No state trip is complete without its fair share of roadside oddities. Here are just a few from this trip:

  - Keene, NH: The filiming location for Jumanji (with an appropriate mural)

  - Glocester, MA: A cute seaside town that happened to have a dark history of lost sailors with bleak numbers of survivors

  - Salem, MA: The custom house where Nathaniel Hawthorne worked and wrote some of his great stories, and some of the neighboring homes that were also built hundreds of years ago.

  - Near Keene, NH: Stonewall Farms housed many cows and goats, as well as a small shop with cheeses, maple syrups, and Katie's favorite: maple cotton candy

  - Brattleboro, VT: Top of the Hill Grill was a little barbeque restaurant that happened to be our only stop in VT (thanks to the pouring rain). The hill did provide some cool views of greenery and creeks though.

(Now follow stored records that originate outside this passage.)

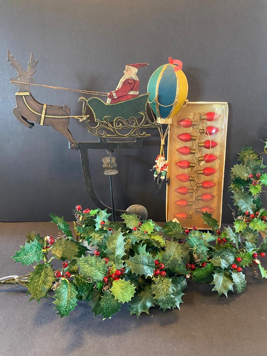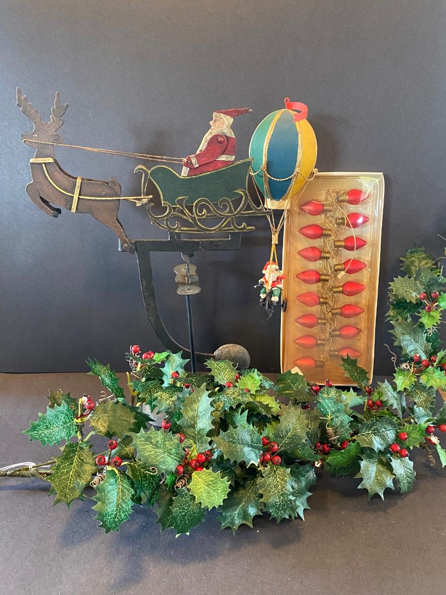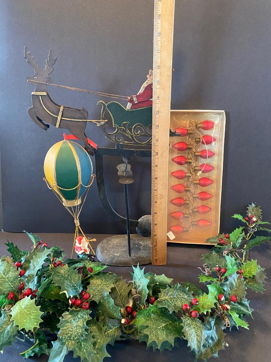 Metal moving Santa on his sleigh. Santa rocks back and forth while his reindeer guides his sleigh. Santa in a colorful hot air balloon with hook on top for hanging. Holly garland and a box of Christmas bulb garland. Please see all pictures as they are the best representation of the items. The pictures show condition, measurements if taken, and what is included in the lot. Due to the large amount that we photograph and the time frame, we are not always able to take measurements. All items unless noted, are pre-owned and have been used. If you purchased furniture, you must bring help. We do not allow one person to carry large furniture out on their own. Bring help, tools and a truck for the safety of our client’s homes, and your personal safety. Any damages that result to the property including walls, and floors due to moving of the furniture will be charged to the buyer. Company policy. Thank you.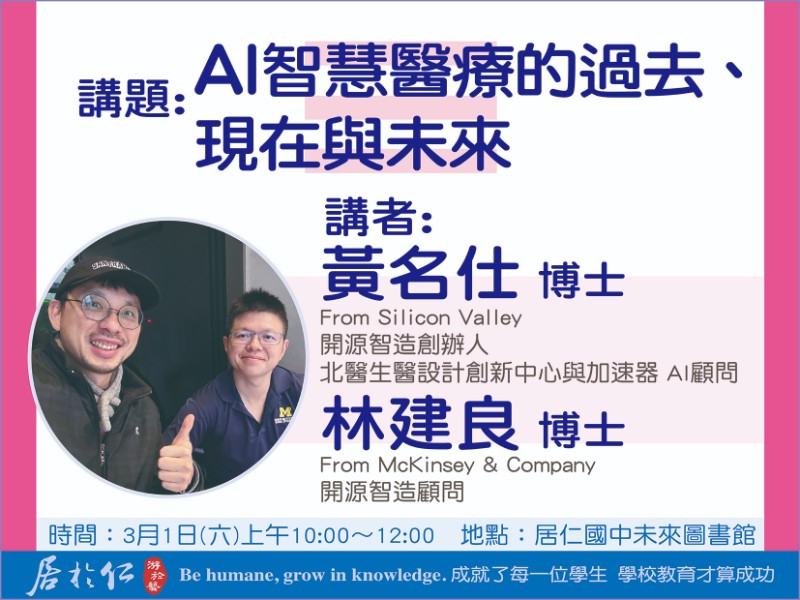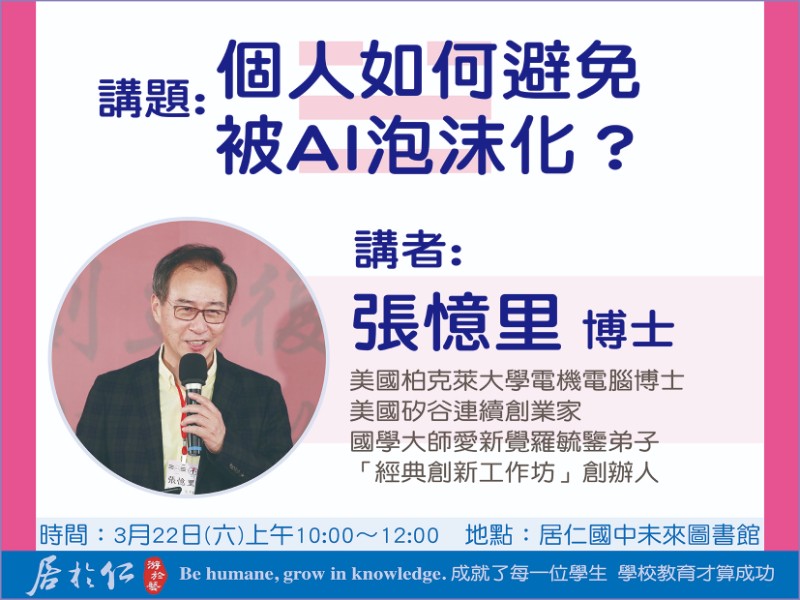 主旨: 檢送本校辦理114年臺中市立居仁國民中學2025年-AI元年-AI論壇講座主體海報及3月份講座文宣共3份,敬請貴校惠予協助於官網及臉書宣傳並轉知踴躍參與講座,請查照。 說明: 一、 依據本校2025年-AI元年AI思維x領導力~打造未來領袖計畫實施計畫辦理。 二、 旨揭AI論壇系列課程期協助學生建立AI基本概念、發展現況及應用的初步了解;透過實作體驗,培養學生對AI的興趣及學習動機,啟發學生對AI倫理及未來發展的思考。 三、 本系列講座預計共計辦理8場,相關資訊如下: (一)03/01日-AI智慧醫療的過去、現在與未來。 主講人:林建良博士、黃名仕博士 (二)03/22日-個人如何避免被AI泡沫化? 主講人:張憶里博士 (三)04/12-AI、假訊息與事實查核。 主講人:黃兆徽執行長 (四)04/19-AI變動時代核心不變的思維與能力。 主講人:楊光磊前研發長 (五)06/04-跟世界說台灣的故事。 主講人:鄭凱駿教授 (六)07/05-海洋中的靈長類:頭足動物的變色絕技與決策行 為。 主講人:焦傳金前館長 (七)07/19-AI與腦波。 主講人:姜琇森教授 (八)09/20-AI與律、法工作的未來與因應。 主講人:張凱鑫教授 四、 辦理時間及地點: (一)辦理時間:上述活動日期上午10:00~12:00。 (二)辦理地點: 第一會場:本校未來圖書館。 第二會場:本校大禮堂。 五、 檢附本次講座活動相關宣傳文宣共3份供參,敬請貴校惠予協助於官網及臉書宣傳並轉知,同時鼓勵貴校教師、家長及學生踴躍參與。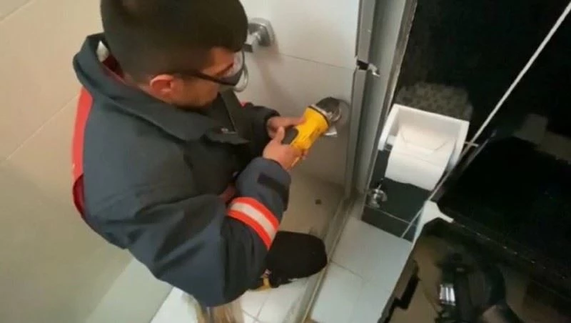 Adrese giden itfaiye ekipleri, duşa kabinin alüminyum kısmını keserek kuşu bulunduğu yerden sağlıklı bir şekilde çıkartarak, sahibine teslim etti.
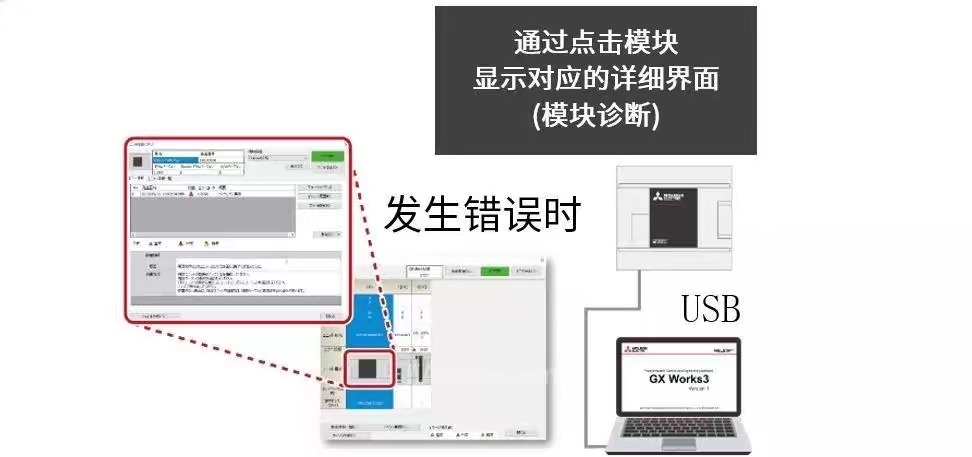 只需將計算機通過(guò)USB與CPU模塊連接,GX Works3即可開(kāi)始自動(dòng)診斷。顯示發(fā)生出錯模塊和出錯信息、處置方法?焖俅_認故障排除所需信息和步驟。(參照前文:只需連接USB,自動(dòng)開(kāi)始診斷)

  - Worcester, MA: Bancroft Tower was a stone mini-castle built Stephen Salisbury III so he could "spend all his money before he died."  It serves no real purpose other than being a haunted house run by the city during Halloween, a Santa meet and greet during Christmas, and of course, a pitstop for foreigners like us

  - Webster, MA: Webster's Lake, formally known as:

Lake Chargoggagoggmanchaugga-goggchaubunagungamaugg,

actually has more g’s (15) than average feet of depth (13), so why not?

  - Quincy, MA: Supposedly the most nearly perfect sphere in the world, the city memorial was a must-see

 - Lexington, MA: The house of Jonathan Harrington, who, as described by our Colonial BFF, was shot in the battle and crawled to his doorsteps only to die by bleeding out in his wife's arms (sensing a trend of gloom?)